Мать Люды Бочининой, статная белокурая женщина, прижала ладони к щекам. Лицо ее покраснело и распухло от слез. Она несколько раз кивнула Наталье, показывая, что да, все понимает, все правильно, глубоко вздохнула, пытаясь взять себя в руки, но слезы снова потекли из-под набрякших век, а черты лица расплылись.
Из палаты вышел молодой врач, невысокий и коренастый, и подошел к ним.
– Что это вы, мама, такие потоки льете! – с упреком сказал доктор Августе Стефановне. – У девочки легкое сотрясение… Могло быть и хуже.

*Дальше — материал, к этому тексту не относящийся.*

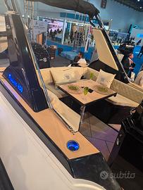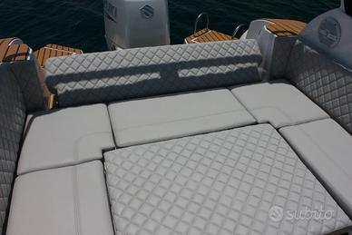 TIGER MANARA MARINE GAMMA TOPLINE , QUALITÀ AL PRIMO POSTO !!! OFFERTA FIERA CIVITAVECCHIA TOPLINE 29 PREZZO DI LISTINO BASE DA EURO 71.900 + IVA - " PREZZO FIERA BASE DA EURO 54.900+ IVA " SENZA MOTORE INOLTRE SUL GOMMONE DEMO FIERA SARÀ APPLICATO UNO SCONTO IMPORTANTE PER GLI OPTIONAL . Il TOPLINE 29 rappresenta il perfetto equilibrio tra design, comfort e qualità costruttiva, un gommone pensato per chi desidera distinguersi e vivere il mare con stile. Un modello destinato sicuramente a non passare inosservato. Il TOPLINE 29 (9,00 m x 3,10 m), un gommone progettato per offrire eleganza, comfort e funzionalità, con spazi generosi e soluzioni pensate per vivere il mare in totale relax. Il TOPLINE 29 si distingue per la sua linea moderna ed accattivante, capace di unire stile e praticità. A bordo troviamo ampi prendisole sia a prua che a poppa, ideali per godersi il sole e i momenti di relax durante la navigazione o all’ancora. La consolle centrale, spaziosa ed ergonomica, offre al suo interno un comodo vano con WC elettrico e doccia (optional), una soluzione che aumenta il comfort durante le uscite giornaliere o le permanenze più lunghe in mare. La zona di poppa è studiata per garantire massima convivialità grazie a una comoda dinette con ampio tavolo, che abbassandosi si trasforma rapidamente in un grande prendisole. Lo schienale ribaltabile verso poppa consente inoltre di ampliare ulteriormente la superficie relax, rendendo gli spazi ancora più versatili. Tra le dotazioni troviamo anche il vano salpancora elettrico a scomparsa, soluzione pratica ed elegante che contribuisce a mantenere la coperta ordinata e funzionale. A completare il design troviamo l’elegante rollbar, elemento distintivo che valorizza la linea sportiva del gommone e ne esalta il carattere moderno. ritiriamo sacs pirelli ranieri sessa selva Honda tohatsu bellingardo zodiac capelli quicksilver bwa joker jolly nuova jolly lomac panamera spx marco evolution battello jeanneau salpa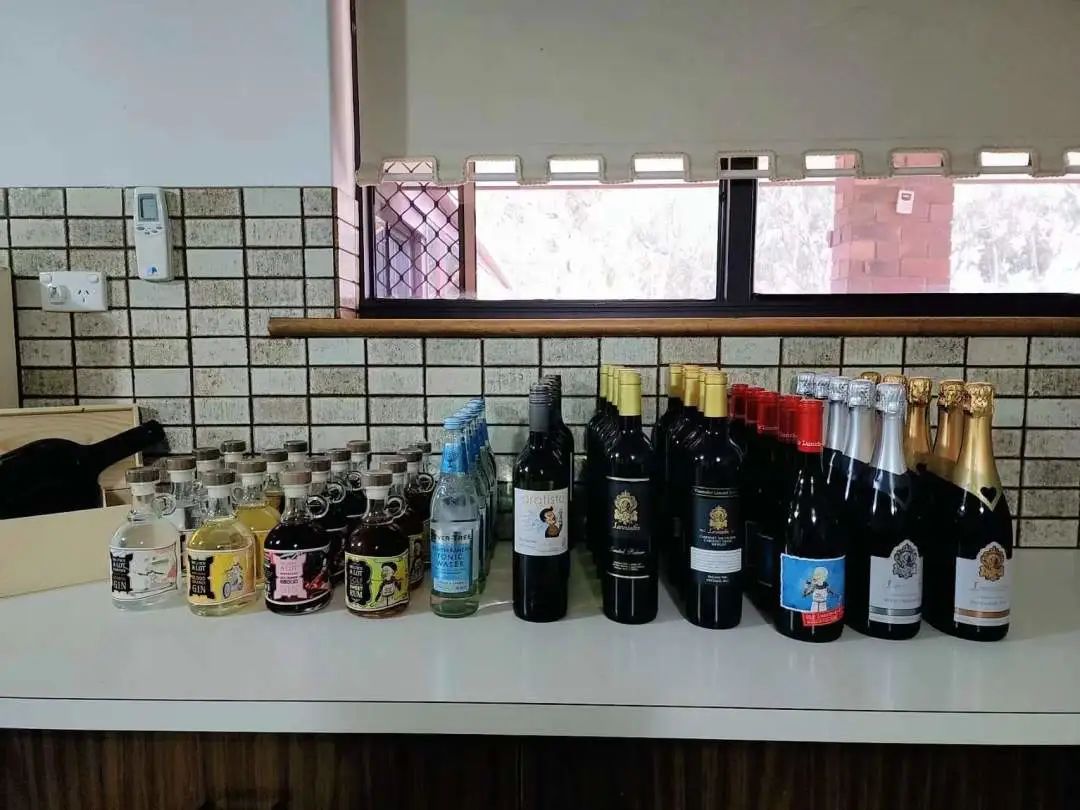 左起:时光骑士击剑原味金酒、时光骑士哈雷血橙金酒、时光骑士赛车木槿花金酒、时光骑士高尔夫烟熏甜朗姆酒、汤力水、兰尼斯特霞多丽、兰尼斯特麦克伦山谷西拉子、兰尼斯特麦克伦山谷酿酒师珍藏、时光骑士麦克伦山谷西拉子、兰尼斯特白无醇、兰尼斯特红无醇

– Я и говорю… – подхватила было Наталья, но доктор тут же переключился на нее:
– Скажите, а почему этим делом милиция занялась? Ведь инспектор ГИБДД все описал в рапорте. Водители автобуса и легковушки не виноваты, он мне сам говорил. Я ведь как раз дежурил, когда эту девочку привезли. Инспектор рассказывал, что она сама выскочила из-за автобуса наперерез «Москвичу», но отшатнулась от него, оступилась – и упала, ударившись головой о борт автобуса, а потом об асфальт. Так или не так?
– Так-то оно так… – уклончиво ответила Наталья и мысленно выругала себя за то, что ринулась в больницу, так и не узнав, что говорится об этом происшествии в сводке ГАИ.
– Но куда она так бежала, боже мой, куда?! – сквозь рыдания выговорила Августа Стефановна.
– Ну мало ли, может, подружку увидела и пустилась догонять, – предположила Наталья.
Врач нахмурился.
– Будь вы повнимательнее, девушка, – обратился он к Наталье, которая была как минимум лет на семь старше его, – вы бы обратили внимание, что состояние у больной крайне подавленное. Сотрясение-то у нее, прямо скажем, не тяжелое, средней тяжести, точнее говоря, но оно усугублено моральным кризисом.
– А что вы конкретно имеете в виду? – спросила Наталья.
– Да плачет она все время и никого не хочет видеть и слышать, даже меня! – неразборчиво выкрикнула Августа Стефановна.
– Но все-таки сотрясение… хоть и средней тяжести… – заикнулась Наталья.
– Да у нее будто не сотрясение, а потрясение! – всхлипнула Августа Стефановна.
– Нет, мама, так нельзя, – сердито сказал врач. – Вы мне скоро всех потрясете таким образом. Пойдите-ка вон в садик, подышите и успокойтесь. Давайте, давайте…
Его звала медсестра, нетерпеливо окликая: «Валерий Петрович, Валерий Петрович!», но он не отстал, пока буквально не выпроводил обеих женщин из отделения.